Deputy Leader of the Opposition
- Incumbent
- Assumed office September 13, 2022 Serving with Melissa Lantsman
- Leader: Pierre Poilievre Andrew Scheer Pierre Poilievre
- Preceded by: Luc Berthold

Deputy Leader of the Conservative Party
- Incumbent
- Assumed office September 13, 2022 Serving with Melissa Lantsman
- President: Robert Batherson Stephen Barber
- Leader: Pierre Poilievre
- Preceded by: Luc Berthold

Conservative Party Caucus Liaison
- In office September 2, 2020 – February 2, 2022
- Leader: Erin O'Toole
- Preceded by: Diane Finley
- Succeeded by: Eric Duncan

Minister for Democratic Reform
- In office May 18, 2011 – July 15, 2013
- Prime Minister: Stephen Harper
- Preceded by: Steven Fletcher
- Succeeded by: Pierre Poilievre

Member of Parliament for Edmonton Gateway Edmonton Mill Woods (2019–2025)
- Incumbent
- Assumed office October 21, 2019
- Preceded by: Amarjeet Sohi

Member of Parliament for Edmonton—Sherwood Park
- In office October 14, 2008 – August 4, 2015
- Preceded by: Ken Epp
- Succeeded by: Ziad Aboultaif (Edmonton Manning) Garnett Genuis (Sherwood Park—Fort Saskatchewan)

Personal details
- Born: Tim Singh Uppal November 14, 1974 (age 51) New Westminster, British Columbia, Canada
- Party: Conservative
- Other party: Alliance (2000–2003)
- Spouse: Kiran Bhinder
- Children: 3
- Alma mater: University of Western Ontario (MBA)
- Profession: Banker, politician, radio host

= Tim Uppal =

Canadian politician (born 1974)

Tim Singh Uppal (born November 14, 1974) is a Canadian politician, banker, and radio host who is the member for Edmonton Gateway in the Parliament of Canada following the 2025 Canadian election.
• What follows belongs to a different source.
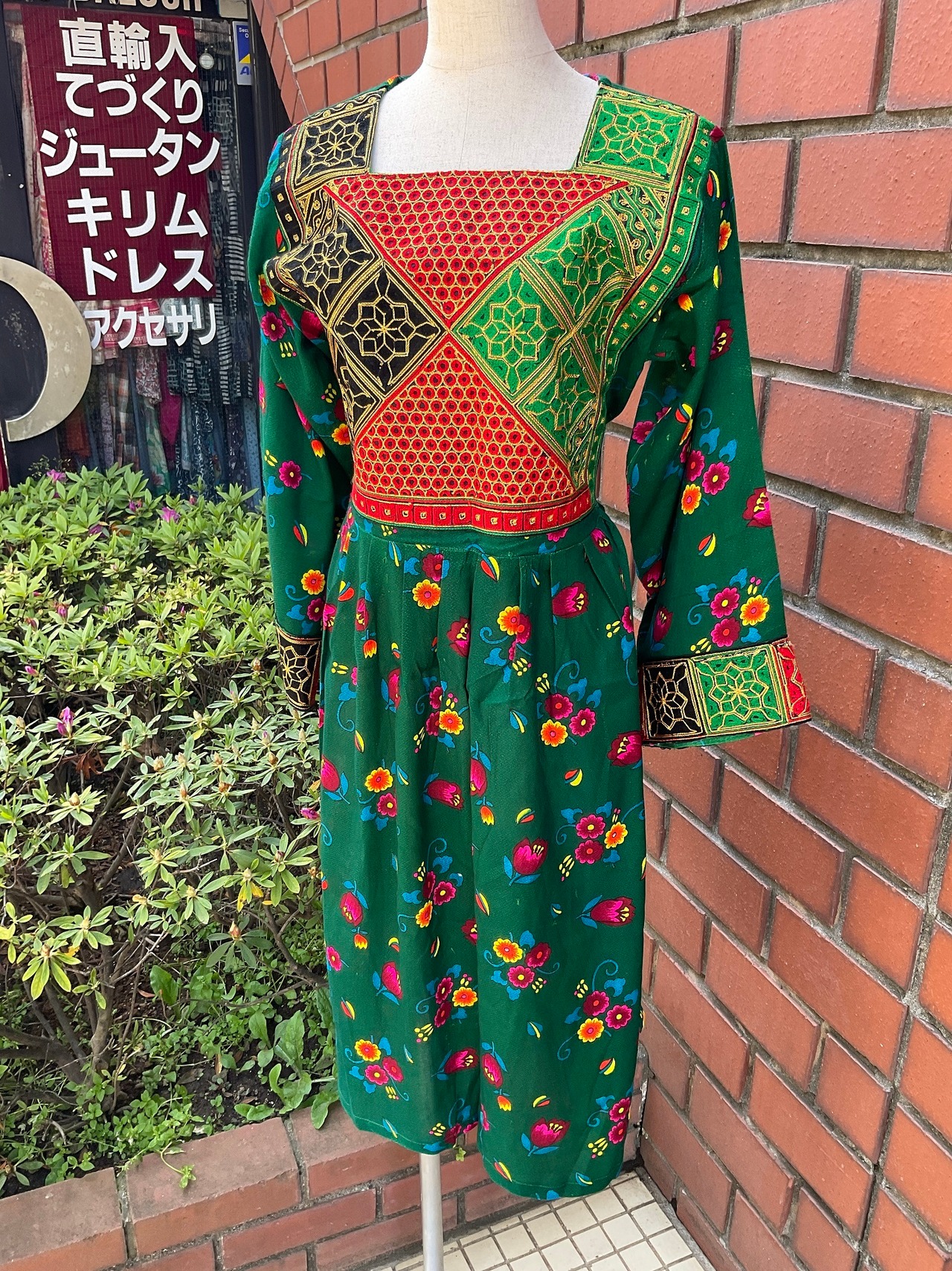前と袖口は機械刺繍で、珍しい華やかなデザインです。

He served as the Conservative Member of Parliament for Edmonton—Sherwood Park from 2008 to 2015. On July 15, 2013, Uppal was moved from Minister of State for Democratic Reform to the portfolio of Minister of State (Multiculturalism). In 2022, Uppal was named Deputy Leader of the Opposition and Deputy Leader of the Conservative Party.

Uppal's riding was abolished ahead of the 2015 election, and he opted to transfer to the newly created riding of Edmonton Mill Woods. He lost to Liberal candidate Amarjeet Sohi, but won the seat from Sohi in the 2019 election. He was re-elected in 2021.

== Early life ==
Uppal was born on November 14, 1974, in the city of New Westminster, in the Lower Mainland region of British Columbia, and was raised in Edmonton, Alberta. His family were Sikhs who emigrated from Punjab, India. From 1992 to 1997, he was executive producer and host of a radio show on CKER in Edmonton. In 2004, he became a residential mortgage manager at TD Canada Trust. Uppal is the founder and president of the South Edmonton Youth Group and has been a member of the Capital Health, Community Health Council since 2001. For several years, he was an active member of the Sherwood Park Chamber of Commerce and the Sherwood Park Rotary Club. He was also a founding member of the Edmonton Police Community Advisory Council.

== Member of Parliament ==
In the 2000 federal election, Uppal ran for the Canadian Alliance in the riding of Edmonton Southeast, where he lost by fewer than 5,000 votes. In the 2004 federal election, he was defeated again, but only by 134 votes. And in the 2008 federal election, Uppal won the riding of Edmonton-Sherwood Park, becoming Member of Parliament for the Alberta riding.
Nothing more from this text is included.